Artistas e intelectuais eram sistematicamente perseguidos, assim como as minorias étnicas.

O regime proibiu todos os métodos contracetivos e o aborto com o único objetivo de aumentar a população e a futura força de trabalho. As autoridades controlavam rigorosamente as gravidezes.

Nesta foto de 20 de junho de 1984, identifica-se o então presidente da Coreia do Norte, Kim Il Sung, e o homólogo romeno, Nicolae Ceausescu
Nesta foto de 20 de junho de 1984, identifica-se o então presidente da Coreia do Norte, Kim Il Sung, e o homólogo romeno, Nicolae Ceausescu Anonymous/AP

Ditador multifacetado

No entanto, Nicolae Ceaușescu gozava de algum respeito político na cena internacional até ao início da década de 1980.

O Ocidente via-o como uma voz autónoma em relação a Moscovo dentro do Pacto de Varsóvia. A Roménia de Ceaușescu foi o único país da aliança liderada pela União Soviética que não enviou tropas para a Checoslováquia para reprimir a Primavera de Praga.

A partir do final da década de 1960, a Roménia desenvolveu uma política externa que muitas vezes estava em desacordo com as linhas gerais ditadas pela União Soviética aos seus satélites comunistas.
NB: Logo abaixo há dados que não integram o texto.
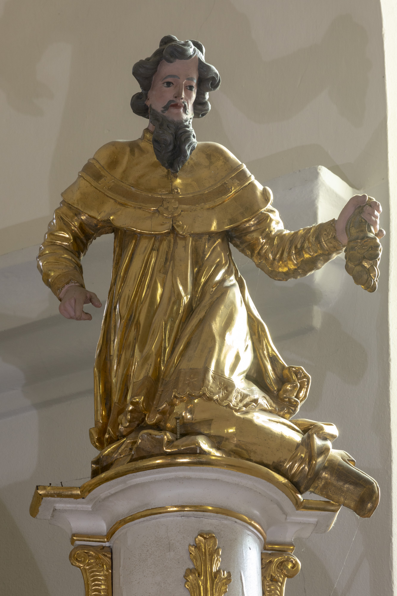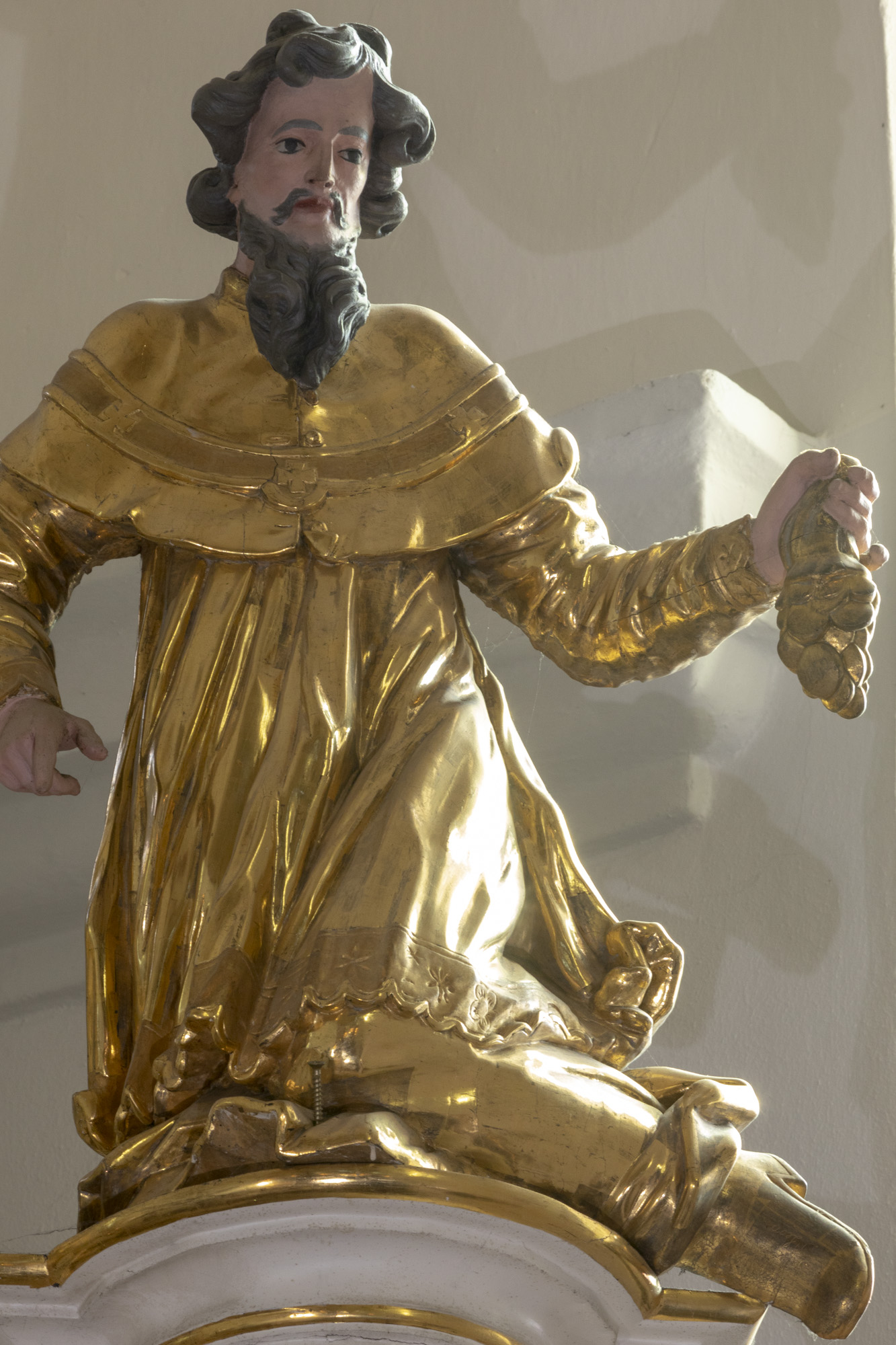 Postać w długiej szacie, komży i pelerynce, ręce rozłożone w lewej kadzielniczka (?)- postać klęcząca. Szaty drobno, obficie sfałdowane, dołem nieco rozwichrzone. Twarz z brodą włosy faliste. Rzeźba polichromowana karnacja ciemna, prawie brązowa; szaty złocone. Rzeźba umieszczona z boku zwieńczenia, ponad retabulum.
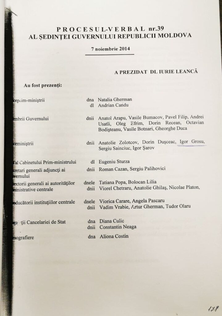 Toate declarațiile lui Bogdan Țîrdea sunt confirmate de documente. Astăzi, deputatul a prezentat o copie a procesului-verbal al ședinței guvernului, nr. 39 din 7 noiembrie 2014.
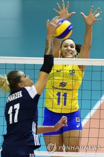 epa06013541 Poland's Malwina Smarzek (L) in action against Brazil's Tandara Caixeta (R) during the game between Brazil and Poland at the Montreux Volleyball Masters women's tournament in Montreux, Switzerland, 06 June 2017. EPA/LAURENT GILLIERON
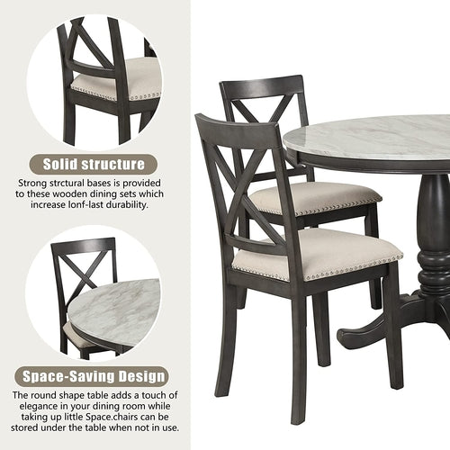 Wood 5-Piece round Dining Table Set with Cushioned Chairs
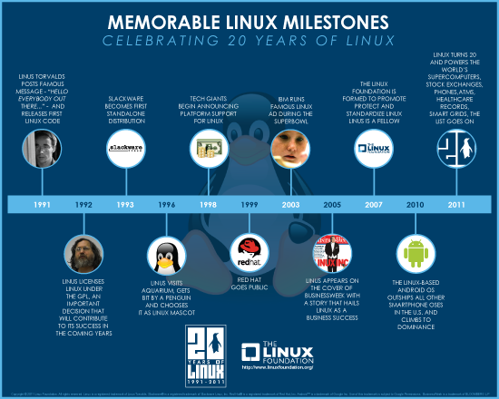 Here’s the Linux Foundation’s “Story of Linux” video, which is a good, quick summary of the last 20 years of Linux.
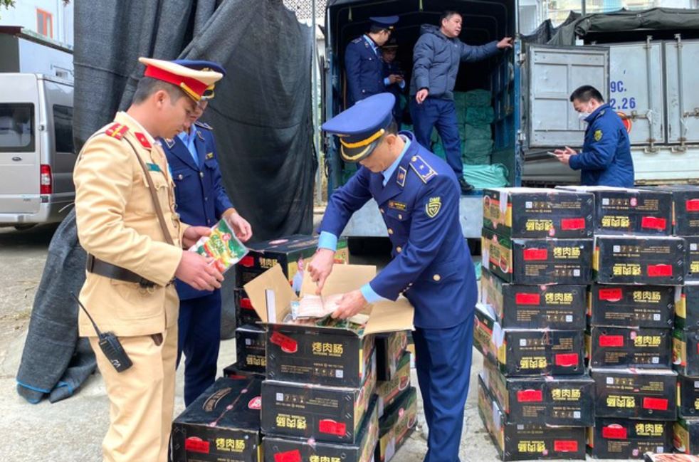 Lực lượng chức năng ngăn chặn một vụ vận chuyển xúc xích nhập lậu.
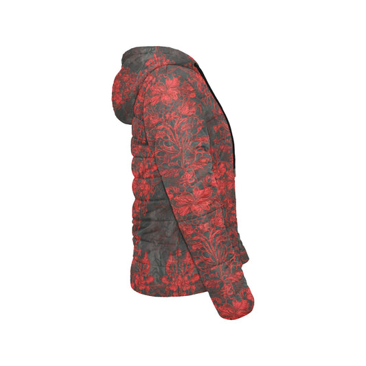 Vampire Art Urban Gothic Women's Padded Hooded Jacket - Grunge Red Lace and Roses
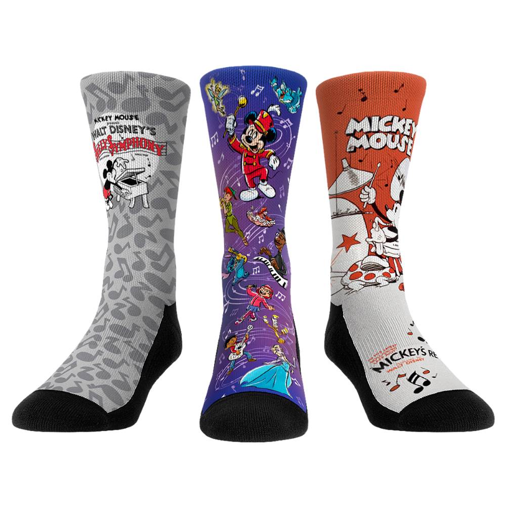 - Rock ‘Em’s signature black-soled socks get a fun update with Mickey Mouse celebrating music. The “leader of the band that’s made for you and me" shows off his conductor talents and melodious skills on three stylish patterns that every fan will want in their sock drawer.
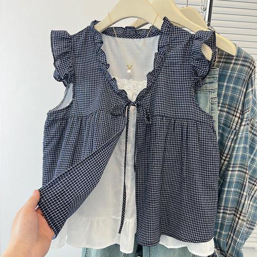 [모어오브]콜즈 체크 나시 블라우스 프릴 탑
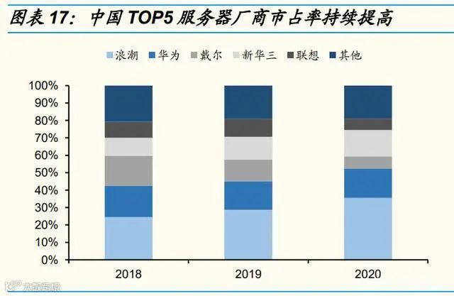 伴随服务器芯片功耗上升,对高功率电源需求增加,推动单价以约10%年增速上涨。全球TOP5服务器厂商(戴尔、HPE、浪潮等)市占率稳定在50%左右,中国前五厂商市占率达81.2%,高度集中格局利于大陆电源企业切入供应链。
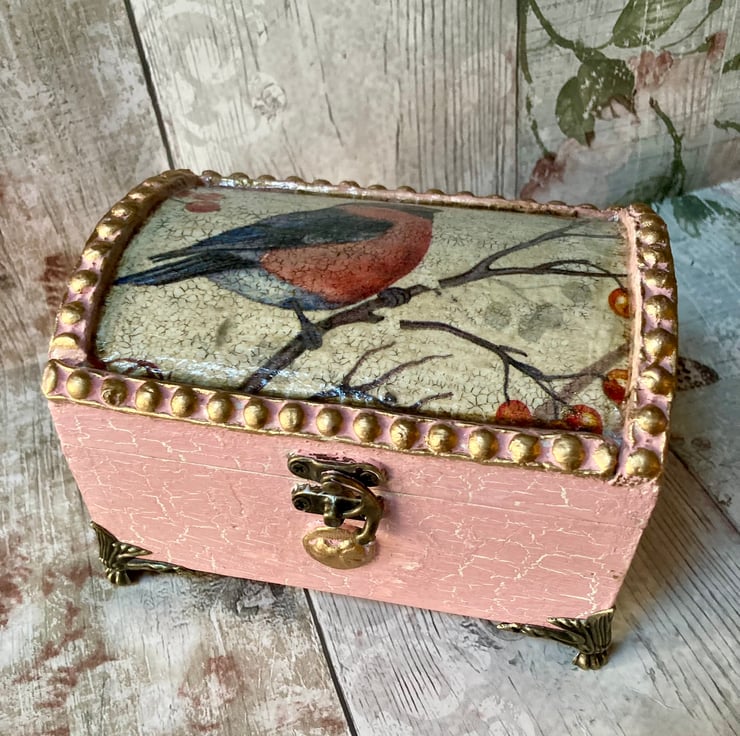 This is a lovely vintage style jewellery/keepsake box with a beautiful Bullfinch & Berries design on the lid.
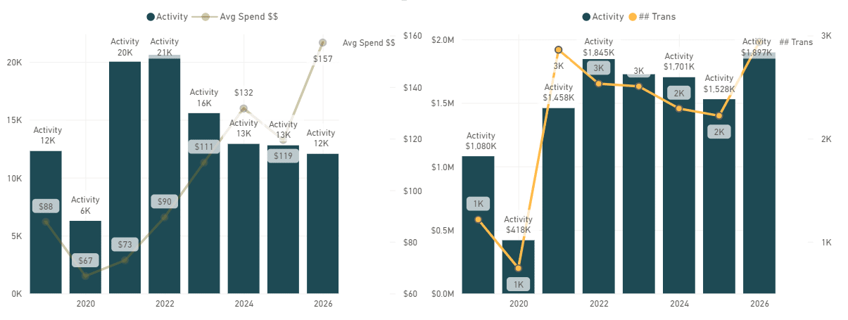 However, despite this 2% drop in volume, the average price is up 24%. That’s almost $35 more per passenger purchased, across the board. Know what that means? When average unit price goes up, so does revenue – so in 2026, we’re clocking 21% more year-to-date sales over 2025. Not bad!
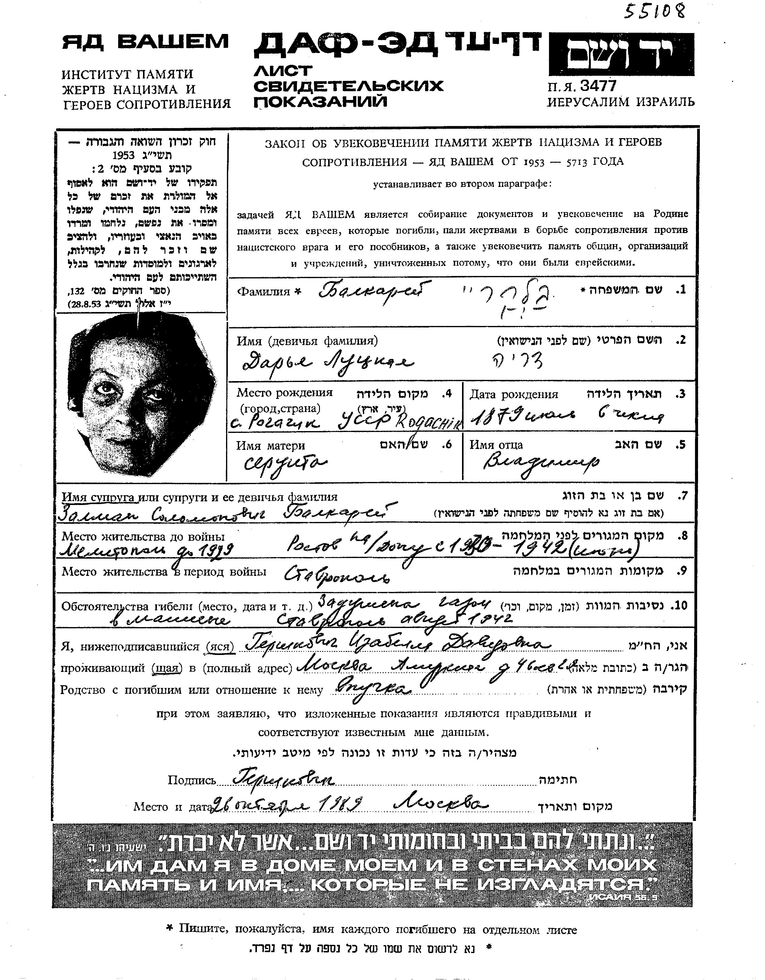 Daria wurde in der Schoah ermordet. Todesort: Voroshilovsk, Russland (UdSSR) im Jahr 1942.
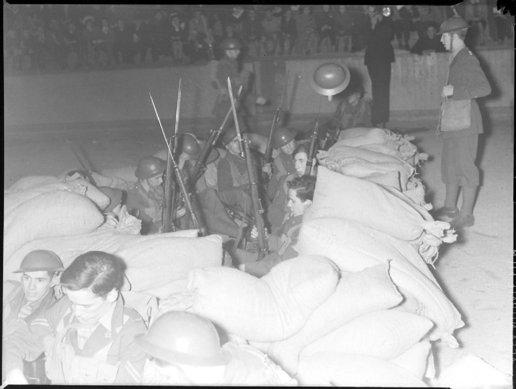 Nous voyons un exercice militaire fait par des soldats en tenue de combat dans le gymnase du collège Loyola, 7141, rue Sherbrooke Ouest à Montréal. Nous les apercevons couchés au sol et fusil en main derrière un amoncellement de sacs de sable
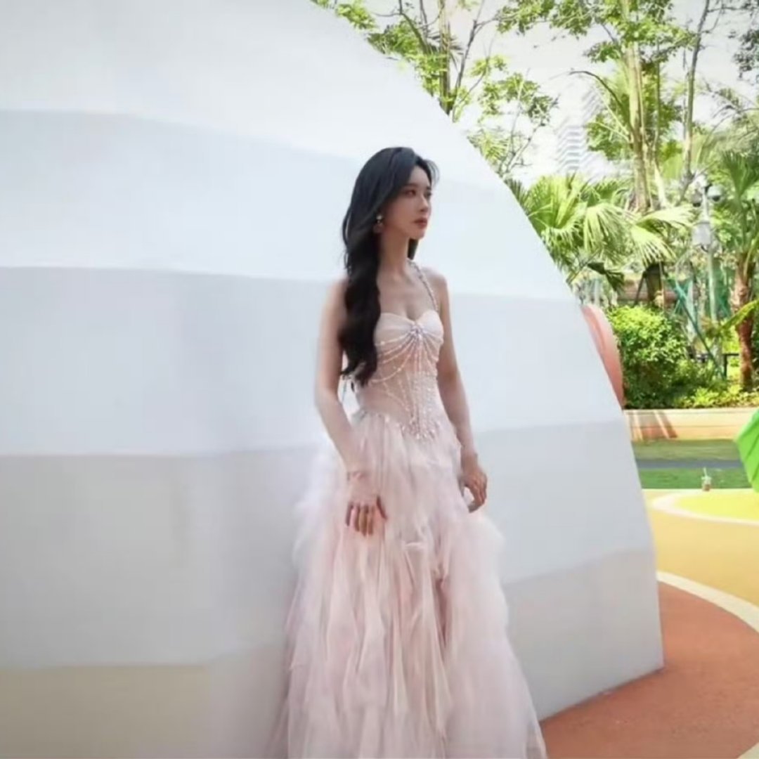 孟子义粉嫩仙女裙造型仙女配仙裙💕奔跑吧多来点绝美造型十亿吨跑男的料奔跑吧
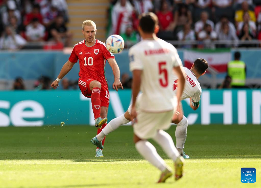 Aaron Ramsey (L) of Wales vies with Ehsan Hajisafi (R) of Iran during the Group B match between Wales and Iran at the 2022 FIFA World Cup at Ahmad Bin Ali Stadium in Al Rayyan, Qatar, Nov. 25, 2022. (Xinhua/Xu Zijian)
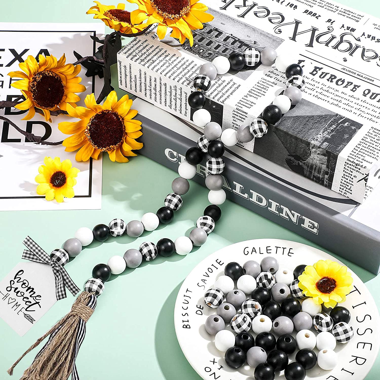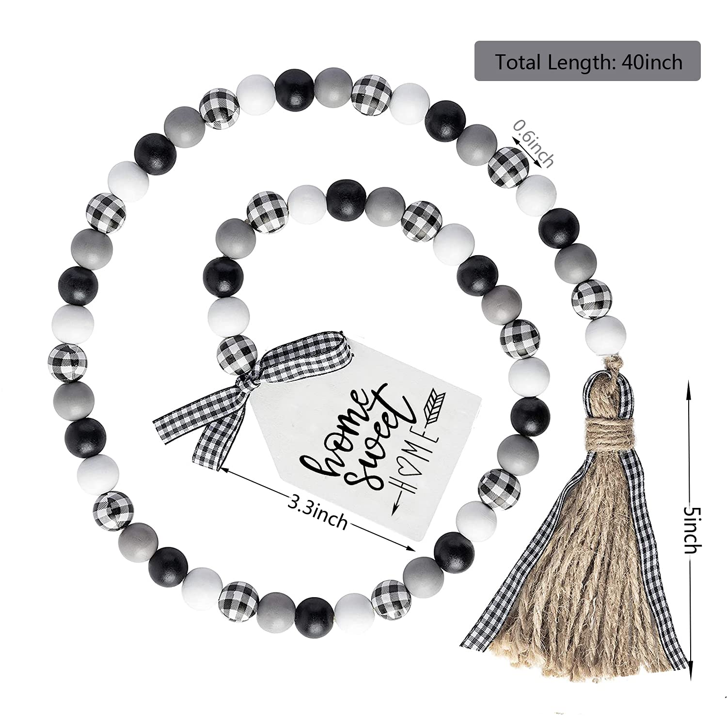 - Include: 1 pack black & white buffalo plaid wooden beads garland with jute tassel and wooden home sign.

Isso permitiu a Ceaușescu estabelecer relações políticas tanto com o Ocidente quanto com a China de Mao, um país comunista oposto a Moscovo.

Foi precisamente o ditador romeno que contribuiu para os passos preliminares que levaram à grande aproximação entre a China de Mao e Zhou Enlai e os EUA de Richard Nixon e Henry Kissinger.

Essa política mundial permitiu à Roménia obter créditos estrangeiros de bancos ocidentais, a ponto de se tornar um dos poucos países socialistas a aderir ao FMI no início da década de 1970.

Em 1974, a Roménia foi o único país socialista a assinar um tratado de tarifas preferenciais com a Comunidade Europeia, que mais tarde se transformou na UE.

O "choque do petróleo" de 1972 deu à Roménia um poder relativo nos mercados internacionais. O país era, na verdade, um pequeno produtor de petróleo bruto e tinha acordos preferenciais com o Irão e o Iraque.

O preço do petróleo trouxe grandes benefícios às políticas de Ceaușescu.

Na década de 1970, isso permitiu ao regime implementar políticas expansionistas com resultados relativamente benéficos para a população, que, pela primeira vez na sua história, teve acesso ao consumo de massa e a um Estado social bastante generoso.

A partir do início da década de 1980, a queda dos preços do petróleo e políticas económicas mal orientadas forçaram o país a adotar medidas de austeridade severas, com o objetivo de eliminar a sua dívida externa.

O resultado foi uma queda na produtividade e um empobrecimento em massa, além de um contexto de repressão política severa, uma mistura explosiva que levou ao fim violento do regime em 1989.